Beginning with the line below that contains "Erastótenes contratou um" and ending with the line that contains "梵克雅宝Le Pont des Amoureux逆跳手表 梵克雅宝Le", copy every line exactly. Copy nothing else.

DATASET CONTENT —
-.-.-

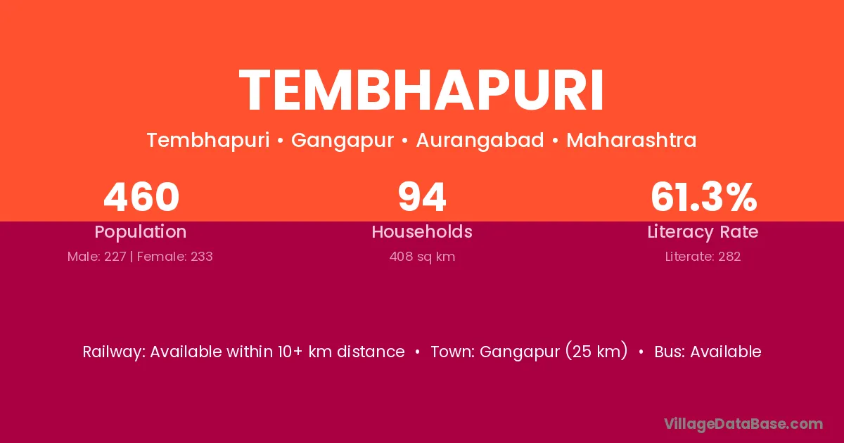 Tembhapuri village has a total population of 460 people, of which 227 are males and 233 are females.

-.-.-

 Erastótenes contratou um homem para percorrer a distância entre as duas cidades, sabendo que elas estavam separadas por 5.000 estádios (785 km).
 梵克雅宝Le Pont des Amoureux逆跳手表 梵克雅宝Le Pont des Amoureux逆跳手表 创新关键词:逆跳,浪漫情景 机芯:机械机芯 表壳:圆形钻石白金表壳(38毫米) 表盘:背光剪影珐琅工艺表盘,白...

-.-.-

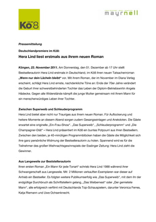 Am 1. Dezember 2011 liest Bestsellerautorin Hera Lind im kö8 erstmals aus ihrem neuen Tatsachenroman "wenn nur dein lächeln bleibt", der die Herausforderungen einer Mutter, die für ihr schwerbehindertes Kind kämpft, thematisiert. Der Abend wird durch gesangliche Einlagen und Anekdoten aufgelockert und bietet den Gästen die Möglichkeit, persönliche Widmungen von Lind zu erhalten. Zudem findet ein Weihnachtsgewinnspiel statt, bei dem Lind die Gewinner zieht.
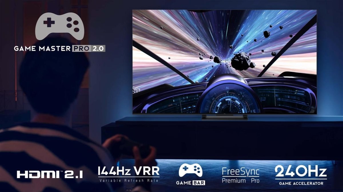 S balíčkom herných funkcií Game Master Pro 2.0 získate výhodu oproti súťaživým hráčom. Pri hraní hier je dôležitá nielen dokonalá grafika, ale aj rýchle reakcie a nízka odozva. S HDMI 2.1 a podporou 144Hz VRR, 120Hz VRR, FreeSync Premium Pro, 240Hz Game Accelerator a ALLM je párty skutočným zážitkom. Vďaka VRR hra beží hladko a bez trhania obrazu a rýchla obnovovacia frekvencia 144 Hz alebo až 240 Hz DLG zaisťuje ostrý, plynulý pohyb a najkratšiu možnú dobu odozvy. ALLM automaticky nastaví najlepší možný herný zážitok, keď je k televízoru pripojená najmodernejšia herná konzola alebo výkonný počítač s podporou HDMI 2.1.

-.-.-

ANSWER SPACE —
 Erastótenes contratou um homem para percorrer a distância entre as duas cidades, sabendo que elas estavam separadas por 5.000 estádios (785 km).
 梵克雅宝Le Pont des Amoureux逆跳手表 梵克雅宝Le Pont des Amoureux逆跳手表 创新关键词:逆跳,浪漫情景 机芯:机械机芯 表壳:圆形钻石白金表壳(38毫米) 表盘:背光剪影珐琅工艺表盘,白...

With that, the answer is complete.